Dipula, the listed diversified real estate investment trust, plans to spend R400m over the next 18 months on further refurbishments and upgrades of its existing R6.7 billion portfolio.
|||Johannesburg - Dipula, the listed diversified real estate investment trust, plans to spend R400 million over the next 18 months on further refurbishments and upgrades of its existing R6.7 billion portfolio.
The refurbishments and upgrades include a R60 million revamp of the Soweto-based Protea Point Shopping Centre, while Dobson Point Shopping Centre will get a R6m facelift.
Dipula chief executive Izak Petersen said they expected an average yield in excess of 11 percent from the refurbishments and upgrades. “These revamps will not only enable us to command higher rentals, but will also provide the local community with a better shopping experience,” he said.
Dipula yesterday reported 7.1 percent growth in distributions a combined share for the six months to February. The distribution a share attributable to A-shares increased by 5 percent to 48.23707 cents from 45.94007c, which was in line with the distribution policy to A-shareholders. The distribution a share to B-shares increased by 9.7 percent to 38.78144c from 35.34590c.
Distributable earnings grew by 13 percent to R177.3m from R156.9m. The growth was attributed to solid asset management, reduced vacancies and prudent acquisitions.
Vacancies declined to 9.2 percent from 9.6 percent. Office vacancies dropped to 11.7 percent from 14 percent and retail vacancies to 7.6 percent from 10 percent, while industrial vacancies increased to 11.5 percent from 4 percent.
But Petersen said industrial vacancies had since the end of February been reduced to 3.2 percent, following the letting of the redeveloped R60m Renaissance Park warehouse to Massmart. Petersen said Dipula’s performance in challenging conditions was pleasing and sustainable.
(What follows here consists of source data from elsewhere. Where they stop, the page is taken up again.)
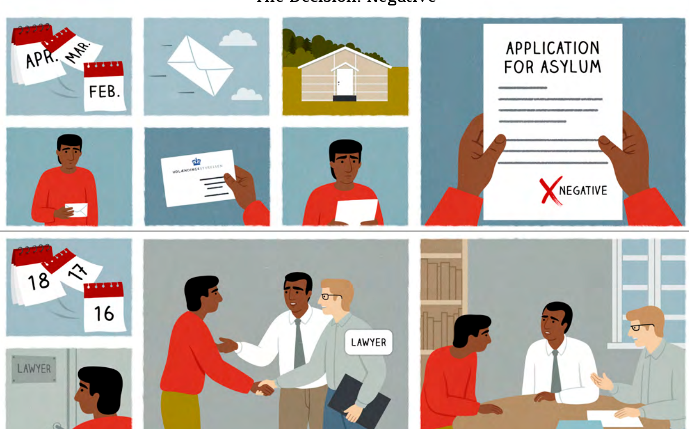
If the Immigration Service rejects your application for asylum it will automatically be appealed to the Refugee Appeals Board. An independent lawyer will be appointed to help you during the appeal proceedings. You will attend a meeting with your lawyer prior to the Board hearing.
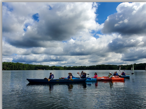
People kayaking on lake with blue sky and clouds

Get out on the water and have some fun! Enjoy a summer day on the pond in a kayak or canoe. Instruction and water safety guidance will be offered. Life jackets are provided. No experience necessary! We are also looking for volunteers to assist seniors on the water. Email Amee at atejani@doverma.gov if you're interested.
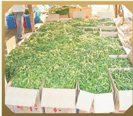
Graded okra is ready to export
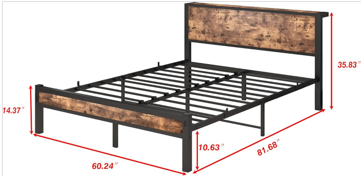
Figure 1: DUMEE Queen Bed Frame with detailed dimensions.

Queen Bed Frame Size: L*W*H: 81.68 * 60.24 * 35.83 inches (207.47 x 151.49 x 91.01 cm).
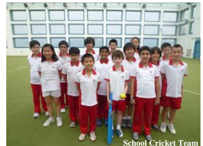
School Cricket Team
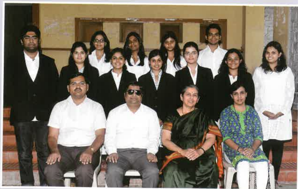
Faculty and Students (National Seminar on 'Political and Judicial Perspective on Electoral Reforms in India')
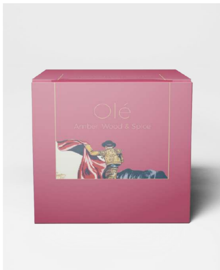
OLE Amber, Wood & Spice

Dipula’s results included for the first time the Moolman portfolio, in which Dipula in August took an 80 percent stake in Moolman Group co-owned companies Jarrabilla Investments and Lizinex for R686m.
The portfolio comprises 28 low-vacancy properties totalling 66 000 square metres, including stakes in shopping and value centres in high traffic areas.
Portfolio enhancing asset
Dipula in the reporting period unveiled the R320m Gillwell Taxi Retail Park in the East London central business district.
Petersen said the portfolio enhancing asset was an attractive shopping environment in contrast to the fragmented and informal competition in the area.
“The Retail Park is a modern, weatherproof development offering an exciting new mix of shops. It is strategically located given that it integrates seamlessly with the Gillwell Taxi Rank, one of the city’s main public transport hubs,” he said.
Petersen said the business remained fundamentally sound, despite the volatility in the markets and the headwinds tearing at the local economy.
He believed the increased interest rates and inflation might cause increasing tenant defaults, but he was confident that continuing to reduce vacancies and forging ahead with the portfolio growth strategy would stand Dipula in good stead. “We will continue with improving acquisitions, well-timed sales, strategic extensions and revamps.”
Dipula’s board expects distribution growth of between 7 percent and 8 percent for the year to August.
Dipula A-shares remained unchanged at R10 a share on the JSE yesterday, while the B-shares gained 2.7 percent to R9.50.